WHAT TO PRODUCE | Output each line of the data below exactly, omitting any image.

SOURCE MATERIAL |
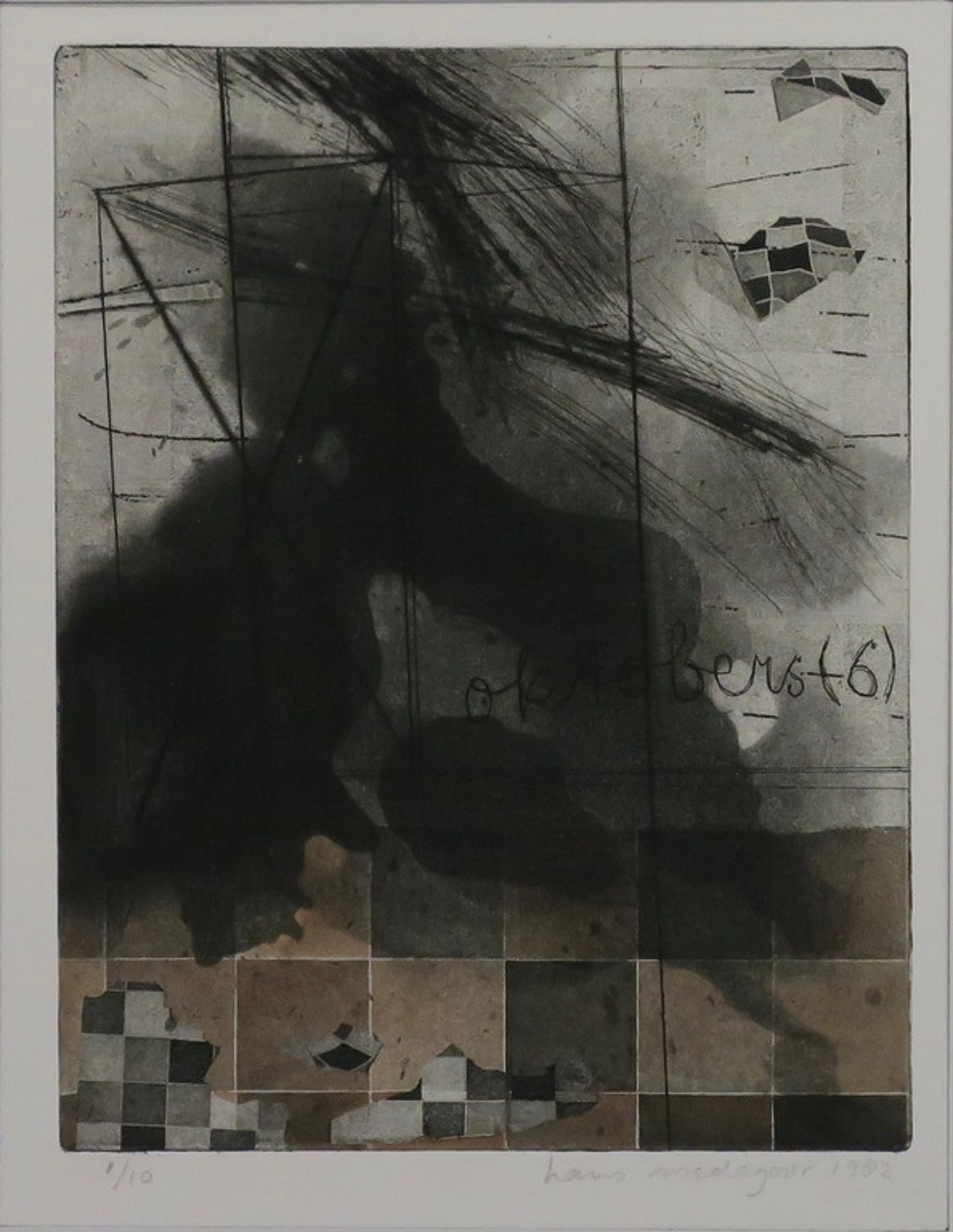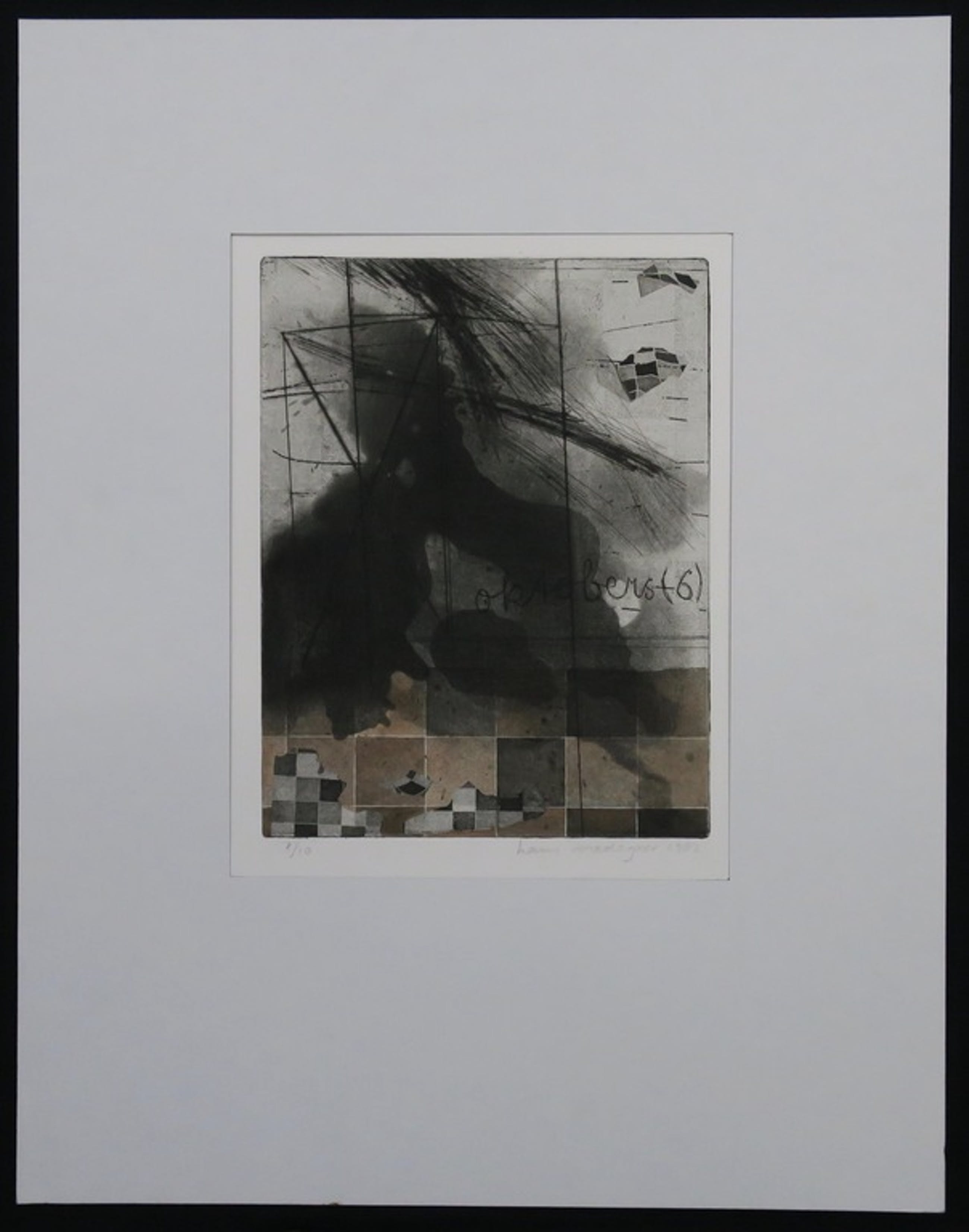 Materiaal: Ets op papier, bevestigd achter passe-partout
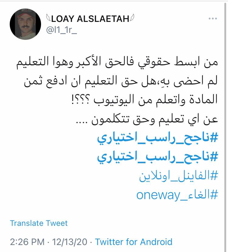 وتفاعلوا الطلبة من كافة أنحاء المملكة على هاشتاغ #ناجح_راسب قائلين أنه ما دام التعليم إلكترونياً يجب أن تكون الإمتحانات إلكترونياً ايضاً.
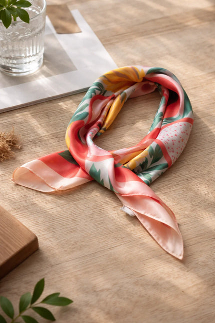 Ce carré de foulard 60x60 cm est une véritable invitation au soleil. Son imprimé tropical mêlant pastèques, ananas et fruits exotiques apporte une touche fraîche, colorée et joyeuse à vos tenues. C’est l’accessoire parfait pour dynamiser un look simple et lui donner une allure estivale instantanée.
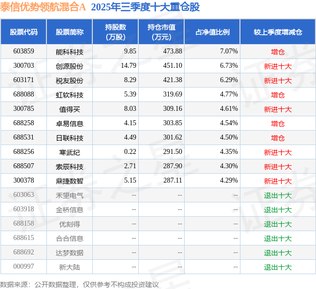 根据2025基金Q3季报公募基金重仓股数据,重仓该股的公募基金共2家,其中持有数量最多的公募基金为泰信基金的泰信优势领航混合A。泰信优势领航混合A目前规模为0.18亿元,最新净值1.0352(12月30日),较上一交易日上涨1.0%,近一年上涨12.68%。该公募基金现任基金经理为吴秉韬。吴秉韬在任的基金产品包括:泰信国策驱动灵活配置混合,管理时间为2019年7月25日至今,期间收益率为206.71%;泰信低碳经济混合发起式A,管理时间为2021年11月3日至今,期间收益率为9.44%;

RESPONSE |
 Materiaal: Ets op papier, bevestigd achter passe-partout
 وتفاعلوا الطلبة من كافة أنحاء المملكة على هاشتاغ #ناجح_راسب قائلين أنه ما دام التعليم إلكترونياً يجب أن تكون الإمتحانات إلكترونياً ايضاً.
 Ce carré de foulard 60x60 cm est une véritable invitation au soleil. Son imprimé tropical mêlant pastèques, ananas et fruits exotiques apporte une touche fraîche, colorée et joyeuse à vos tenues. C’est l’accessoire parfait pour dynamiser un look simple et lui donner une allure estivale instantanée.
 根据2025基金Q3季报公募基金重仓股数据,重仓该股的公募基金共2家,其中持有数量最多的公募基金为泰信基金的泰信优势领航混合A。泰信优势领航混合A目前规模为0.18亿元,最新净值1.0352(12月30日),较上一交易日上涨1.0%,近一年上涨12.68%。该公募基金现任基金经理为吴秉韬。吴秉韬在任的基金产品包括:泰信国策驱动灵活配置混合,管理时间为2019年7月25日至今,期间收益率为206.71%;泰信低碳经济混合发起式A,管理时间为2021年11月3日至今,期间收益率为9.44%;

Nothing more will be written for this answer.